-- Opening Marker --
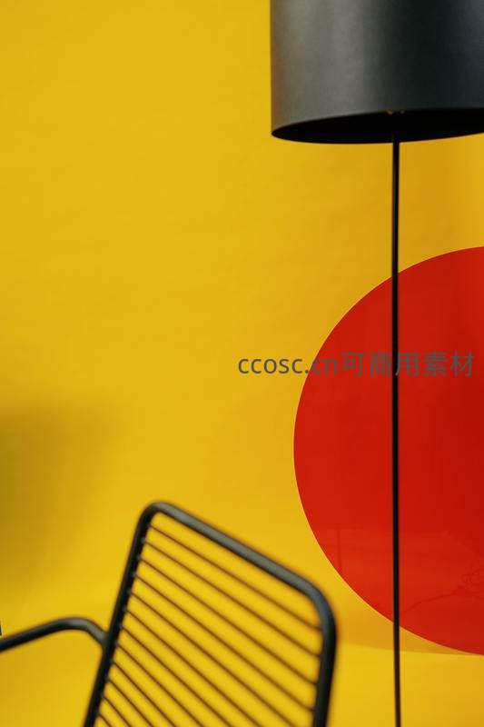 画面聚焦于一盏黑色落地灯与墙面上巨大的红色圆形图案,背景为明亮的黄色,前景是黑色金属椅背,构成一幅充满几何美感与现代设计感的画面。
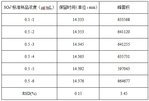 硫酸根離子標準溶液采用梯度濃度的方式逐級稀釋為0.5μg/mL、1.0μg/mL、5.0μg/mL、10.0μg/mL、20.0μg/mL的標準溶液;詳見表1。
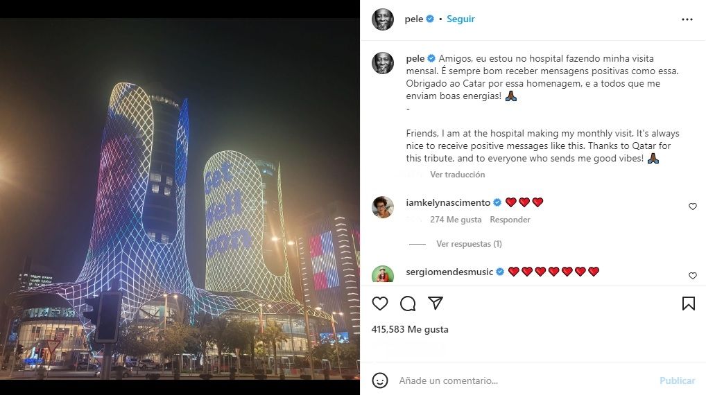 "Amigos, estoy en el hospital haciendo mi revisión mensual. Siempre es lindo recibir mensajes positivos como este. ¡Gracias a Qatar por este homenaje y a todos los que me envían buenas vibraciones!", publicó Pelé en Instagram en un mensaje que acompañaba imágenes del homenaje.
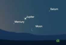 Jupiter, Saturn, and Mercury are visible in the pre-dawn sky this week, along with a crescent moon
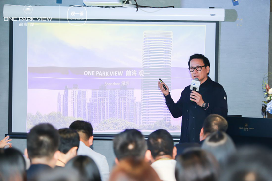 国际著名建筑、室内及产品设计师、梁志天设计集团有限公司创始人梁志天先生发言主题为:《大湾区的高雅生活》。通过建筑设计与生活方式,围绕前海·观一的670㎡户型理念设计,用颠覆式的语言告诉大家,这并不是一个简单的居住地项目,而是提倡一种生活方式的地方,让所有人,都能在这里找到家的温馨。
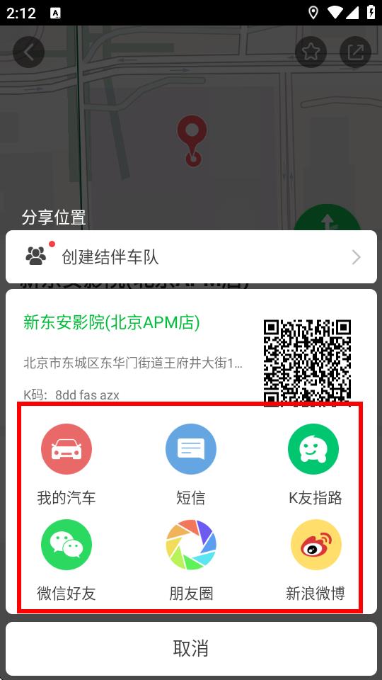 4、在弹出分享选项中,可选择通过我的汽车、短信、K友指路、微信好友、朋友圈、新浪微博等方式分享路线信息。
-- Closing Marker --
Work instructions -> Each line from the first line of the material above through the line containing "Jupiter, Saturn, and" is to be reproduced exactly, with both ends kept and pictures left out.

Reply ->
 画面聚焦于一盏黑色落地灯与墙面上巨大的红色圆形图案,背景为明亮的黄色,前景是黑色金属椅背,构成一幅充满几何美感与现代设计感的画面。
 硫酸根離子標準溶液采用梯度濃度的方式逐級稀釋為0.5μg/mL、1.0μg/mL、5.0μg/mL、10.0μg/mL、20.0μg/mL的標準溶液;詳見表1。
 "Amigos, estoy en el hospital haciendo mi revisión mensual. Siempre es lindo recibir mensajes positivos como este. ¡Gracias a Qatar por este homenaje y a todos los que me envían buenas vibraciones!", publicó Pelé en Instagram en un mensaje que acompañaba imágenes del homenaje.
 Jupiter, Saturn, and Mercury are visible in the pre-dawn sky this week, along with a crescent moon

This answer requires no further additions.